Sayangnya, Zakir mangkir. Indian Express melaporkan NIA kembali memanggil Zakir untuk hadir pada tanggal 30 Maret 2017. Lagi-lagi ia tidak memenuhinya. Undangan ketiga sudah berstatus surat perintah tak terbantahkan (Red Notice), yakni agar Zakir datang ke kantor NIA pada 21 April 2017. Zakir tetap tidak mau datang.

Pemerintah India akhirnya mencabut paspor Zakir. Karena saat pencabutan ia tidak sedang berada di India, status Zakir otomatis menjadi buron. Pencabutan paspor dilakukan untuk membatasi pergerakan Zakir yang sempat bepergian ke Arab Saudi, Malaysia, dan negara-negara lain sejak 13 Mei 2016.

INFOGRAFIK Zakar Turun

undefined

Pada 11 Desember 2017 Interpol dimintai bantuan otoritas India untuk memberikan status red corner notice (RNC) kepada Zakir Naik. Jika RNC berhasil terbit, Interpol bisa bergerak lintas-negara untuk mencari lokasi serta menangkap target yang dikenai RNC.
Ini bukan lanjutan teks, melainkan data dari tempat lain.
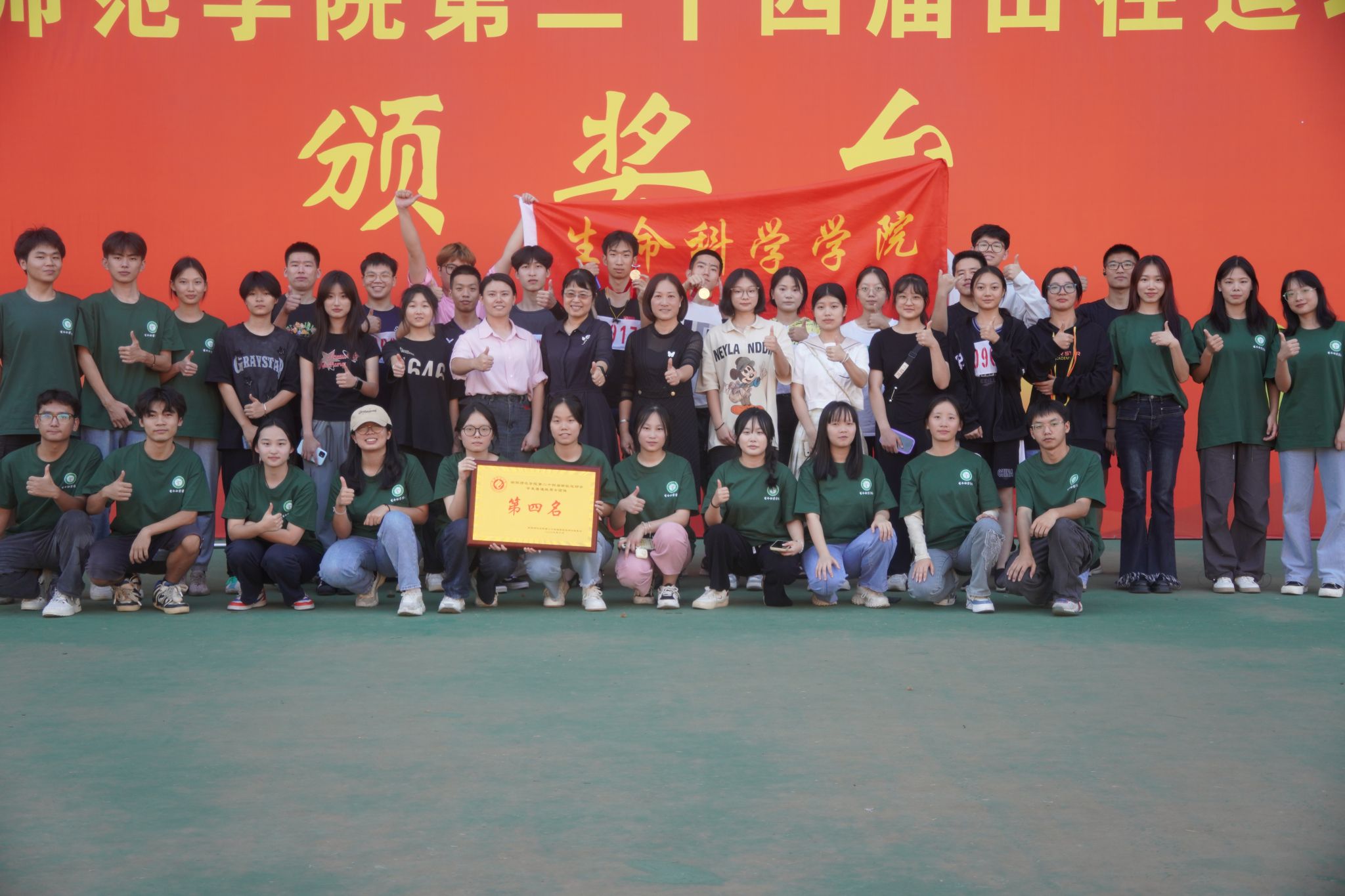 经过一天的激烈角逐,下午四时,运动会闭幕式暨颁奖典礼如期举行。公司员工代表怀着激动的心情上台领奖。此次运动会不仅展示了运动员优秀的个人体质和团队协作能力,更是充分展现了积极进取、团结一致的精神风貌。经过生科学子不懈的努力,公司荣获普通组男女团体奖第四名,这不仅加深了同学们之间的友谊,也激励着生科学子勇争一流。

Seminggu kemudian Interpol menyatakan menolak. India Today memberitakan alasannya karena komisi Interpol menilai data yang diberikan pemerintah India kurang kuat.

Di Balik Tragedi Paskah di Sri Lanka

Setahun berselang, belum ada tanda-tanda Zakir takluk oleh perburuan pemerintah India. Ia masih hidup dengan tenang di tanah pengasingan.

Sementara itu aksi terorisme atas nama jihad masih bermunculan. Salah satunya adalah serangan bom bunuh diri pada Minggu (21/4/2019), bertepatan dengan perayaan Hari Paskah, yang menyasar tiga gereja dan tiga hotel Sri Lanka.

Serangan itu mengakibatkan 138 orang meninggal dunia dan ratusan lainnya dirawat di rumah sakit karena luka-luka. Tragedi tercatat sebagai aksi kekerasan terbesar di negara Asia Selatan itu sejak berakhirnya perang saudara pada satu dekade sebelumnya.

France24 melaporkan sehari setelah kejadian otoritas Sri Lanka mengumumkan bahwa pelakunya adalah kelompok militan lokal bernama National Thowheeth Jama’ath (NTJ).

NTJ dikenal sering menjalankan program indoktrinasi ideologi ekstrimis, mendorong gesekan dengan kelompok biksu Buddhas, dan diduga terlibat dalam kerusuhan anti-muslim di Sri Lanka pada tahun 2018.

Salah satu anggotanya sekaligus otak pemboman Hari Paskah adalah Moulavi Zahran Hashim. Ia memiliki laman Facebook pro-ISIS bernama Al-Ghuraba dan menyebarkan pemikiran-pemikiran radikalnya melalui kanal YouTube.

Telegraph mencatat Moulavi rupanya memuji Zakir Naik dan ceramahnya sebab mampu menebarkan hasutan pada umat muslim tanpa mendapat pelarangan.

Kaitan-kaitan itu membuat dua penyedia layanan TV kabel besar di Sri Lanka, Dialogue dan SLT, menghapus Peace TV dari daftar salurannya. Pemerintah Sri Lanka hingga saat ini belum melakukan pelarangan serupa secara resmi.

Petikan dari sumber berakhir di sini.